Schneider describes humanness as the basis of inimitable spontaneity, a sort of relational magic which AI and other machine-based simulations simply cannot replicate (because future outputs are always and already predetermined by previous inputs). The freestyle shifts that emerge from simply existing in connection with other life forms is an experience that, Schneider says, is well-depicted by the metaphor of improvisational jazz.

The ensemble consists of Maria Schneider (composer/conductor), Steve Wilson (alto saxophone), Dave Pietro (alto saxophone), Rich Perry (tenor saxophone), Donny McCaslin (tenor saxophone), Scott Robinson (baritone saxophone), Greg Gisbert (trumpet), Michael Dudley (trumpet), Nadje Noordhuis (trumpet), Mike Rodriguez (trumpet), Keith O’Quinn (trombone), Ryan Keberle (trombone), Marshall Gilkes (trombone), George Flynn (bass trombone), Julien Labro (accordion), Ben Monder (guitar), Gary Versace (piano), Jay Anderson (bass), Johnathan Blake (drums), and Fred Vogler (sound engineer).

“One of the things that is so wonderful about seeing my band perform is that the music, and the jazz, and the way they listen to each other is vulnerable.
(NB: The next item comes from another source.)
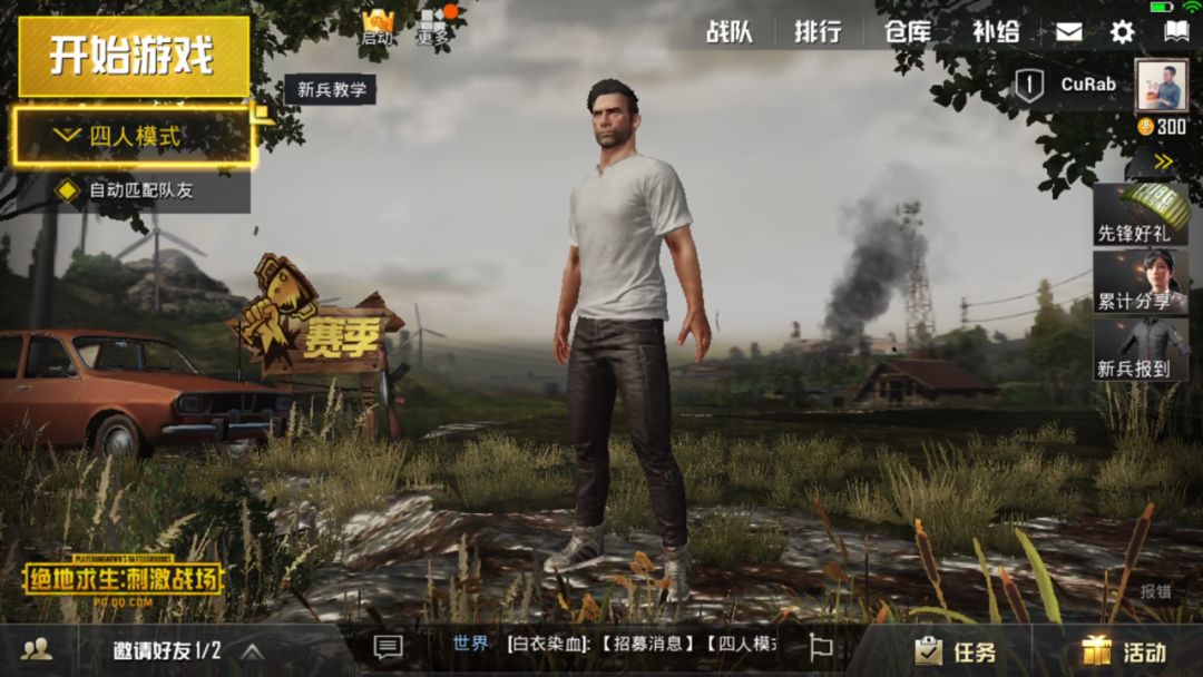 角色创建完成后来到主界面,《刺激战场》的主界面布局依然是和《绝地求生》十分相似,左边功能区选择游戏模式;排行榜、个人信息等被摆放在画面上方,整体色调如出一辙,区别在于画面背景略有不同,但标志性左侧轿车和右侧黑烟得到还原。
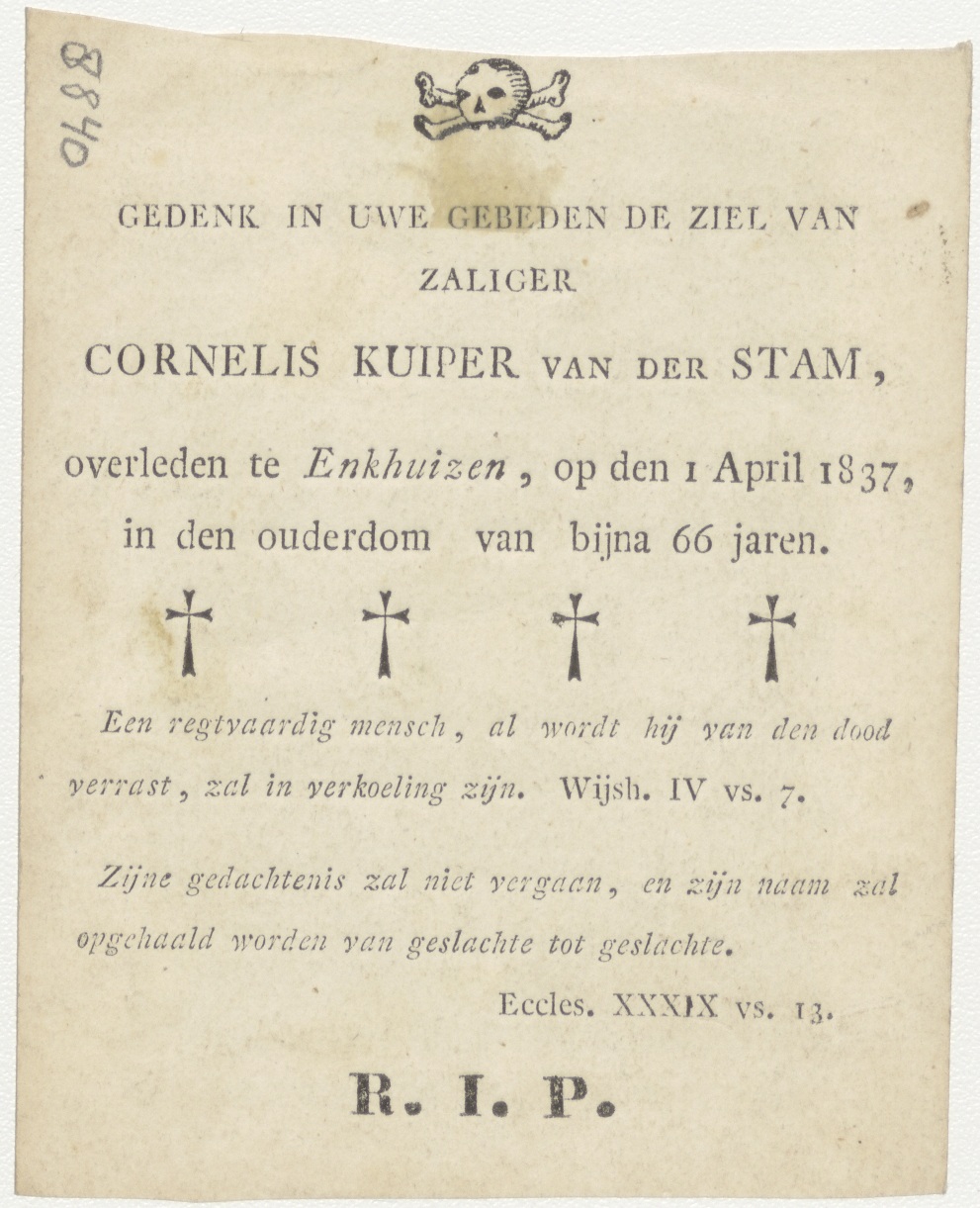 H. Ludovicus van Gonzagua, kz. Bid voor ziel Kuiper van der Stam (+1837) Enkhuizen

And they really listen and allow people to take them to places they didn’t plan on,” said Schneider. “There is an emphasis on the power of human connection and relation, on vulnerability and surprises.”

Schneider’s performance in Seattle will occur at the 30th-anniversary milestone of her first orchestral tours. Throughout the last few decades, Schnieder has worn many hats in the process of her creative expansion. From composing and conducting nine different album tours to collaborating with renowned artists such as David Bowie, the jazz maestra has evolved through explorative journeys with the musical medium.

“In this time, jazz is becoming relevant more than ever,” Schneider concluded. “People say we need to preserve jazz because it is America’s art form. I say we need to preserve jazz because it is relevant right now. It is showing us what we are losing in the world in terms of connectivity with each other.” Tickets at earshot.org.